• Activity
Every entry in the data is to be written out exactly; no picture belongs in the copy.
=== Begin Enclosure ===
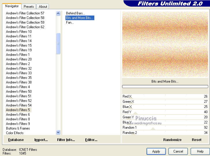 12. Effetti>Plugins>Filters Unlimited 2.0 - Andrew's Filter 5 - Bits and more bits, con i settaggi standard.
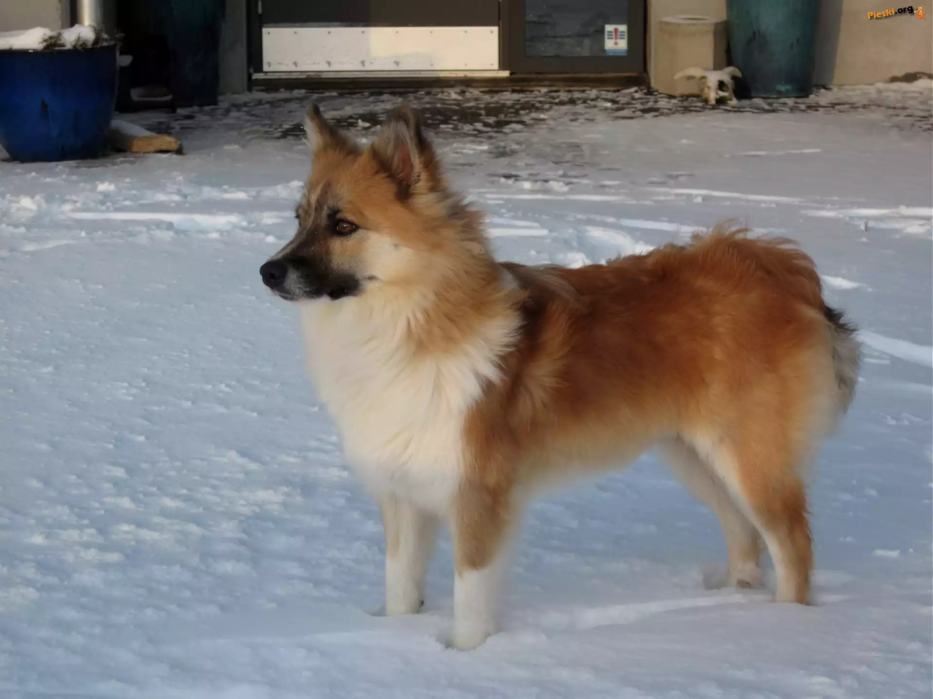 Islandzki szpic pasterski, śnieg, Pieski
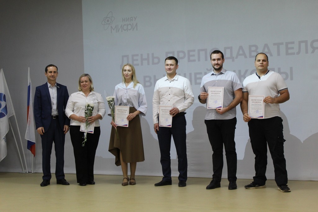 Сегодня в Технологическом институте НИЯУ МИФИ прошла церемония награждения, которую провели директор ТИ НИЯУ МИФИ Владимир Васильевич Рябцун и генеральный директор ФГУП «Комбинат «Электрохимприбор» Сергей Альбертович Жамилов. За большой личный вклад в развитие образовательной и научной деятельности преподавателям и сотрудникам Технологического института были вручены почетные грамоты и благодарности, а также медаль «За вклад в развитие НИЯУ МИФИ». Мероприятие украсили яркие творческие номера, подготовленные обучающимися ТИ НИЯУ МИФИ.
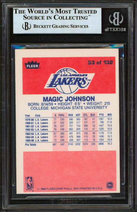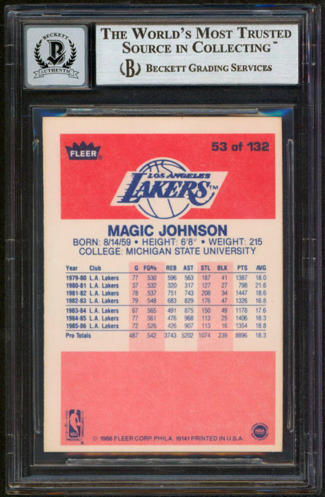 Lakers Magic Johnson Authentic Signed 1986 Fleer #53 Card BAS Slabbed
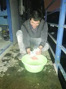 “我們一般中午都是隨便吃吃,晚上再回來好好吃,兩個人花10塊錢買一盒菜,再花2塊錢買4個饅頭,一個人只要花6塊錢,比食堂劃算得多。”老葛說。每天晚上吃完晚飯后,老葛還要耐心地花上一段時間,在工地里的熱水機(jī)前排隊打熱水。因為打熱水的人多,水箱里的水很多時候只有六七十?dāng)z氏度了,這個水不能喝,老葛就會先接上滿滿一桶,用來洗頭發(fā)、洗臉、洗腳、洗衣服。等到人少時,水開了,再去接一瓶滾燙的水,用來喝。
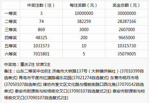 面對如此“刁鉆”的藍(lán)球號碼,彩友們也是大展身手,3注一等獎被重慶和甘肅的彩友拿下,其中重慶獨攬2注。
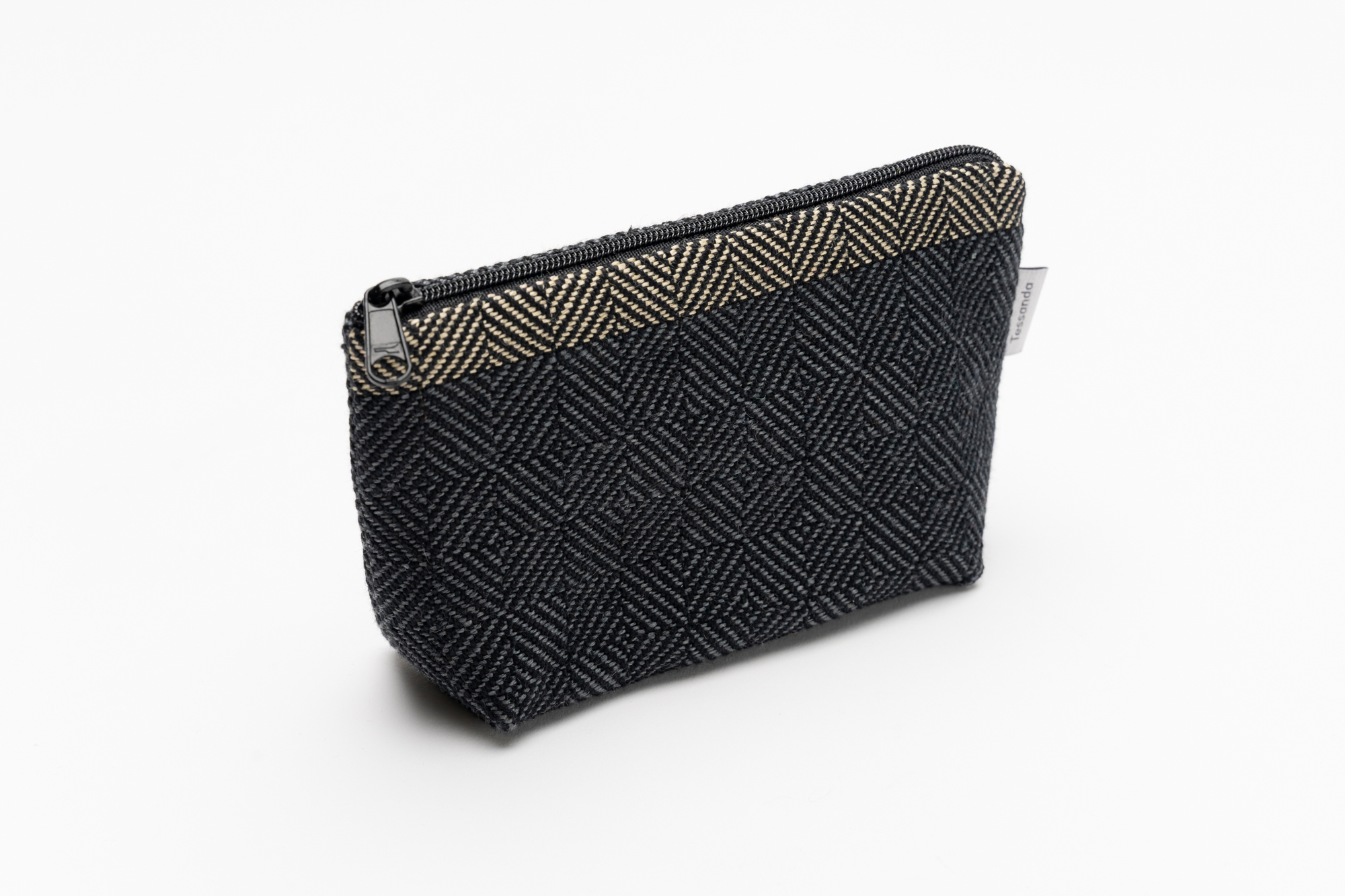 Der Einzug im Fischgratköper bildet mit der unterschiedlichen Tretweise einen sogenannten Diamantköper. Vier Quadrate bilden zusammen das Design, wobei die Diagonalen der Quadrate bewusst versetzt sind. In die schwarzen Kettfäden wird der Schussfaden in unterschiedlichen Farben gewoben. Auf einer Seite des Etuis ist am oberen Rand der Abschluss farblich mit einem Streifen abgesetzt.
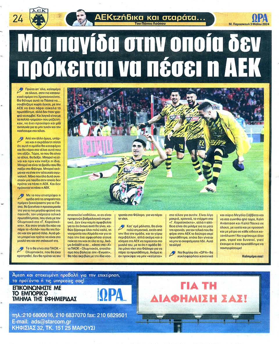 ΑΘΛΗΤΙΚΗ ΩΡΑ ΤΩΝ ΣΠΟΡ - 03 Μαΐου 2024
=== End Enclosure ===
• Exercise answer
 12. Effetti>Plugins>Filters Unlimited 2.0 - Andrew's Filter 5 - Bits and more bits, con i settaggi standard.
 Islandzki szpic pasterski, śnieg, Pieski
 Сегодня в Технологическом институте НИЯУ МИФИ прошла церемония награждения, которую провели директор ТИ НИЯУ МИФИ Владимир Васильевич Рябцун и генеральный директор ФГУП «Комбинат «Электрохимприбор» Сергей Альбертович Жамилов. За большой личный вклад в развитие образовательной и научной деятельности преподавателям и сотрудникам Технологического института были вручены почетные грамоты и благодарности, а также медаль «За вклад в развитие НИЯУ МИФИ». Мероприятие украсили яркие творческие номера, подготовленные обучающимися ТИ НИЯУ МИФИ.
 Lakers Magic Johnson Authentic Signed 1986 Fleer #53 Card BAS Slabbed
 “我們一般中午都是隨便吃吃,晚上再回來好好吃,兩個人花10塊錢買一盒菜,再花2塊錢買4個饅頭,一個人只要花6塊錢,比食堂劃算得多。”老葛說。每天晚上吃完晚飯后,老葛還要耐心地花上一段時間,在工地里的熱水機(jī)前排隊打熱水。因為打熱水的人多,水箱里的水很多時候只有六七十?dāng)z氏度了,這個水不能喝,老葛就會先接上滿滿一桶,用來洗頭發(fā)、洗臉、洗腳、洗衣服。等到人少時,水開了,再去接一瓶滾燙的水,用來喝。
 面對如此“刁鉆”的藍(lán)球號碼,彩友們也是大展身手,3注一等獎被重慶和甘肅的彩友拿下,其中重慶獨攬2注。
 Der Einzug im Fischgratköper bildet mit der unterschiedlichen Tretweise einen sogenannten Diamantköper. Vier Quadrate bilden zusammen das Design, wobei die Diagonalen der Quadrate bewusst versetzt sind. In die schwarzen Kettfäden wird der Schussfaden in unterschiedlichen Farben gewoben. Auf einer Seite des Etuis ist am oberen Rand der Abschluss farblich mit einem Streifen abgesetzt.
 ΑΘΛΗΤΙΚΗ ΩΡΑ ΤΩΝ ΣΠΟΡ - 03 Μαΐου 2024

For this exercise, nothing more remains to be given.